One noted failure was the transition of the Home Office visa and immigration site to GOV.UK. According to their own analysis, the GDS did not have a good enough understanding of the users’ needs.
GDS in turmoil?
At the beginning of August 2015, Executive Director of the GDS Mike Bracken announced he was leaving. In an interview, Mike Bracken explained that he was leaving due to the “stresses and strains” of the role. The current GDS Chief Operating Officer Stephen Foreshew-Cain will move up and replace him.
There have also been a number of other senior GDS leaders departing. These include:
- Deputy Director Tom Loosemore
- Director of Strategy Russell Davies
- Director of Design Ben Terrett
- Head of User Research Leisa Reichelt
- Transformation Programme Director of the Government Digital Service Michael Beaven.
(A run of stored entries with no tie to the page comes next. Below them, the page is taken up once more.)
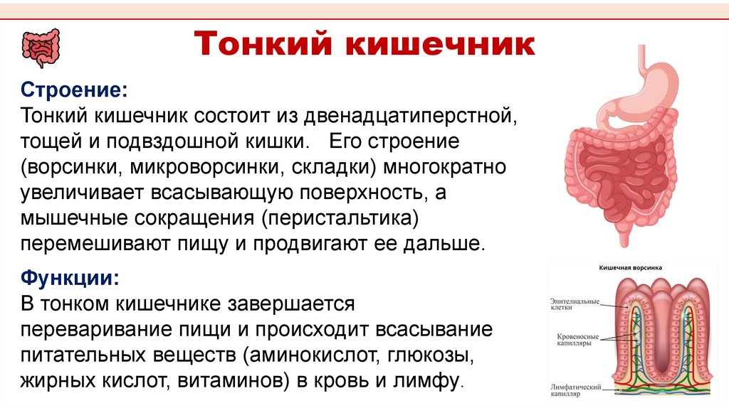 Тонкий кишечник состоит из двенадцатиперстной, тощей
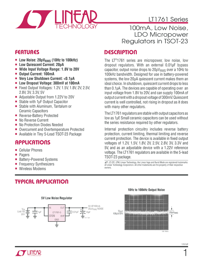 100mA, Low Noise, LDO Micropower Regulators in TSOT-23
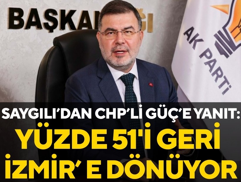AK Parti İzmir İl Başkanı Bilal Saygılı, CHP İl Başkanı Çağatay Güç'ün hükümete yönelik vergi ve yatırım açıklamalarına, "CHP uzun yıllar boyunca “İzmir’den toplanan her 40 liradan yalnızca 1 lira geri geliyor” diyordu. Sayın Güç şimdi çıkmış, yüzde 25'i yani “Her 4 liradan 1’i geri geliyor” diyor. Demek ki gerçeklere yaklaşmaya başlamışsınız… Biraz daha çalışırsanız doğru rakamları da bulacaksınız. İzmir’den toplanan verginin %51’i yine İzmir için harcanmaktadır. Sayın Güç’e tavsiyemiz: Gelir gelmez başladığı bu tür algısal açıklamaları bir kenara bırakıp, İzmir Büyükşehir Belediyesi Genel Sekreter Yardımcılığı döneminde belediyeyi temsil ettiği İZBAN Yönetim Kurulu Başkanlığı sırasında aldığı kararların arkasında durmasıdır.'' diyerek cevap verdi.
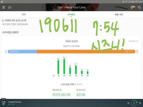 음원발매일부터 스밍한 타이틀곡 누적횟수

These changes have led to speculation about the future of the GDS. Last financial year, the service had a budget of £58 million and approximately 700 members of staff. Computerworld have suggested that the GDS could undergo substantial cuts as part of the HM Treasury’s spending review. If so, the impact could fundamentally change the GDS’ role.
In August, Matt Hancock MP, Minister for the Cabinet Office, reiterated his support for the GDS. He said:
“the work that GDS is doing, and the vision of Government as a Platform, is changing the core infrastructure of shared digital systems, technology and processes.”
The Minister then went on to emphasise that the GDS has extremely talented people and has a lot more to contribute in the future.
In addition, Eddie Copeland, Head of Technology Policy at the Policy Exchange has outlined 5 points of focus for the ‘next phase’ of the GDS. These include:
- Be guardian of the rules – the government should lead the way in defining the standards of how front-end government IT should work, although should not be concerned about who provides it, whether that’s public or private sector.
- Focus on the user / citizen experience – the government should focus on providing a positive customer experience and creating online transactions that are needed.
- Lead on open standards for data – the use of open standards would reduce the technical barriers to sharing information between different systems.
- Be an informed customer – failed IT projects were often the fault of the government, therefore the government needs to become a smarter, more demanding customer.
- Scale best practice – all departments should learn from the successes of the GDS, and try to implement innovative solutions where possible.
It’s likely that the GDS will play an important role in the continued digital transformation of government services. However, some – including Eddie Copeland – believe that the GDS will become a smaller organisation. As a result, there may be opportunities for the private sector to get involved in supporting the digital transformation, particularly if they can provide a solid business case.